= Beginning of Section =

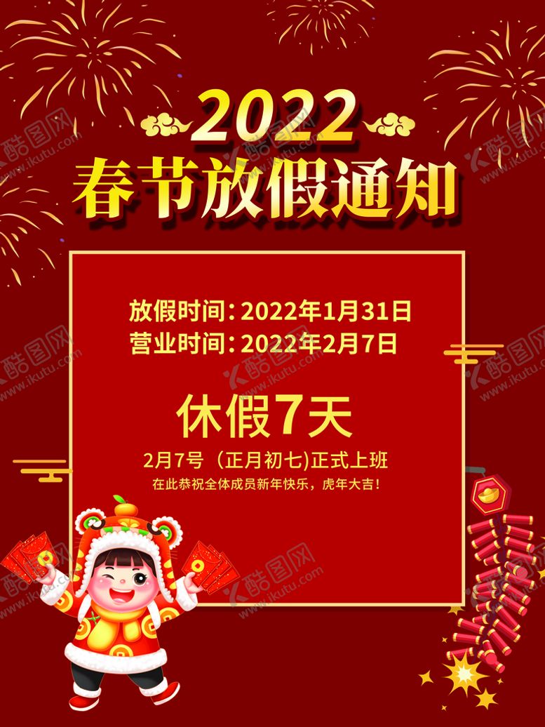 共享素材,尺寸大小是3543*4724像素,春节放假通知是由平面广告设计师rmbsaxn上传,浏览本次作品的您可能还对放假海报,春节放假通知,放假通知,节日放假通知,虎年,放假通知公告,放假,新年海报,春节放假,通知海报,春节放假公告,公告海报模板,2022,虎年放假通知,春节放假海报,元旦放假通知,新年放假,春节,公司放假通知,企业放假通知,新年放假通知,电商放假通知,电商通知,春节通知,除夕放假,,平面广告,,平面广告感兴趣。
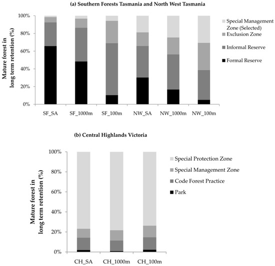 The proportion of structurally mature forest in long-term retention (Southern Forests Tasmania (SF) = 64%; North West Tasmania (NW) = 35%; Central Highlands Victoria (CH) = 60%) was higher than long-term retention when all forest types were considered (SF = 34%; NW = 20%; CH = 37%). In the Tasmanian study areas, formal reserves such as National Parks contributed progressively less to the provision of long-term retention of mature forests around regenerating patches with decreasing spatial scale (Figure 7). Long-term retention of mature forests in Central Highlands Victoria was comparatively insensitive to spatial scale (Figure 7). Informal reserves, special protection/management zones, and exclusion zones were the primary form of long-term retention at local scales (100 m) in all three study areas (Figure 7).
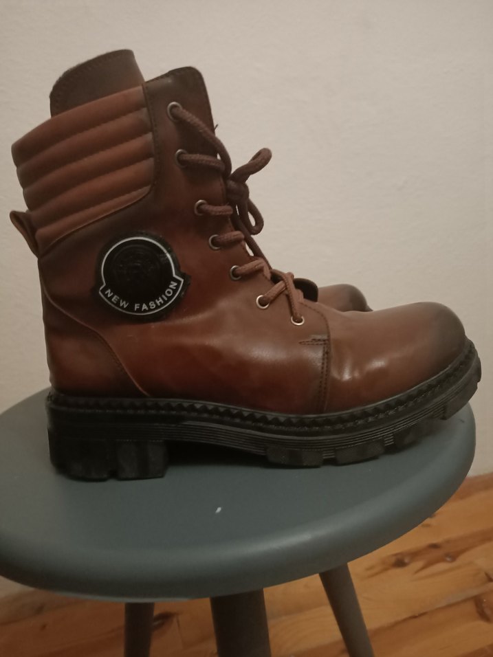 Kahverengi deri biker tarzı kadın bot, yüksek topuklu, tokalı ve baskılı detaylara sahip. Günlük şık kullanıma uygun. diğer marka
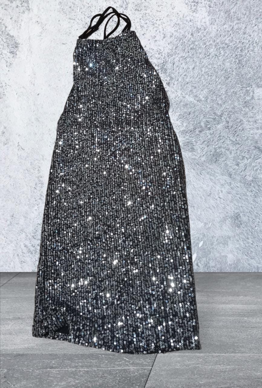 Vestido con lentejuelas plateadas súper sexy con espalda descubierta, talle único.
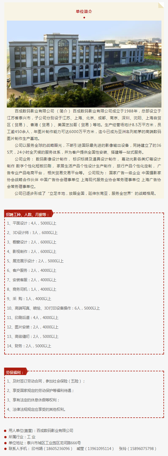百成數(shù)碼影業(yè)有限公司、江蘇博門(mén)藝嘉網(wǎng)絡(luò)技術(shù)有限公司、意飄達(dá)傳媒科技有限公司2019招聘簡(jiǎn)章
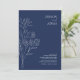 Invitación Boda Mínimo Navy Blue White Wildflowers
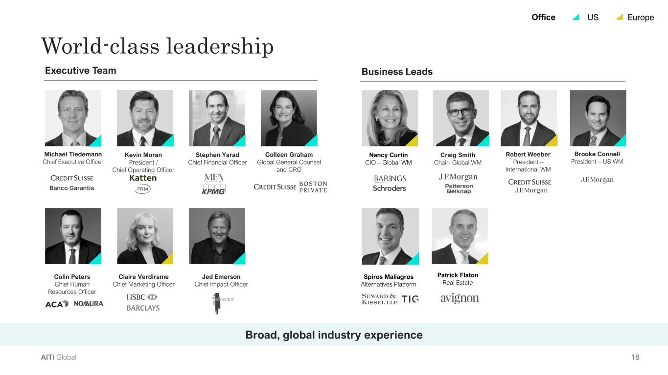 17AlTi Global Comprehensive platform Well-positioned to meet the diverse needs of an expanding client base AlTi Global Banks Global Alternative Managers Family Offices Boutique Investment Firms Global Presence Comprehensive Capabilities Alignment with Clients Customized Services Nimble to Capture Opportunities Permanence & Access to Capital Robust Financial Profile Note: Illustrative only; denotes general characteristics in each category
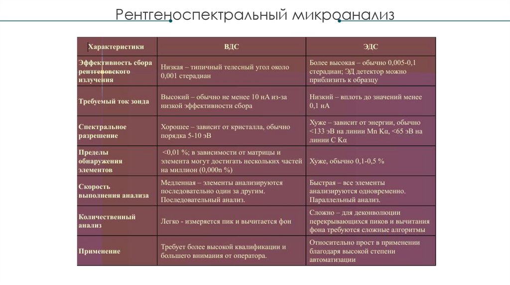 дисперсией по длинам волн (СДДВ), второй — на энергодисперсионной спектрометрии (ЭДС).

= End of Section =

WHAT TO DO
In your copy of the listing above, every line must match exactly and no picture may appear.

YOUR RESPONSE
 共享素材,尺寸大小是3543*4724像素,春节放假通知是由平面广告设计师rmbsaxn上传,浏览本次作品的您可能还对放假海报,春节放假通知,放假通知,节日放假通知,虎年,放假通知公告,放假,新年海报,春节放假,通知海报,春节放假公告,公告海报模板,2022,虎年放假通知,春节放假海报,元旦放假通知,新年放假,春节,公司放假通知,企业放假通知,新年放假通知,电商放假通知,电商通知,春节通知,除夕放假,,平面广告,,平面广告感兴趣。
 The proportion of structurally mature forest in long-term retention (Southern Forests Tasmania (SF) = 64%; North West Tasmania (NW) = 35%; Central Highlands Victoria (CH) = 60%) was higher than long-term retention when all forest types were considered (SF = 34%; NW = 20%; CH = 37%). In the Tasmanian study areas, formal reserves such as National Parks contributed progressively less to the provision of long-term retention of mature forests around regenerating patches with decreasing spatial scale (Figure 7). Long-term retention of mature forests in Central Highlands Victoria was comparatively insensitive to spatial scale (Figure 7). Informal reserves, special protection/management zones, and exclusion zones were the primary form of long-term retention at local scales (100 m) in all three study areas (Figure 7).
 Kahverengi deri biker tarzı kadın bot, yüksek topuklu, tokalı ve baskılı detaylara sahip. Günlük şık kullanıma uygun. diğer marka
 Vestido con lentejuelas plateadas súper sexy con espalda descubierta, talle único.
百成數(shù)碼影業(yè)有限公司、江蘇博門(mén)藝嘉網(wǎng)絡(luò)技術(shù)有限公司、意飄達(dá)傳媒科技有限公司2019招聘簡(jiǎn)章
 Invitación Boda Mínimo Navy Blue White Wildflowers
 17AlTi Global Comprehensive platform Well-positioned to meet the diverse needs of an expanding client base AlTi Global Banks Global Alternative Managers Family Offices Boutique Investment Firms Global Presence Comprehensive Capabilities Alignment with Clients Customized Services Nimble to Capture Opportunities Permanence & Access to Capital Robust Financial Profile Note: Illustrative only; denotes general characteristics in each category
 дисперсией по длинам волн (СДДВ), второй — на энергодисперсионной спектрометрии (ЭДС).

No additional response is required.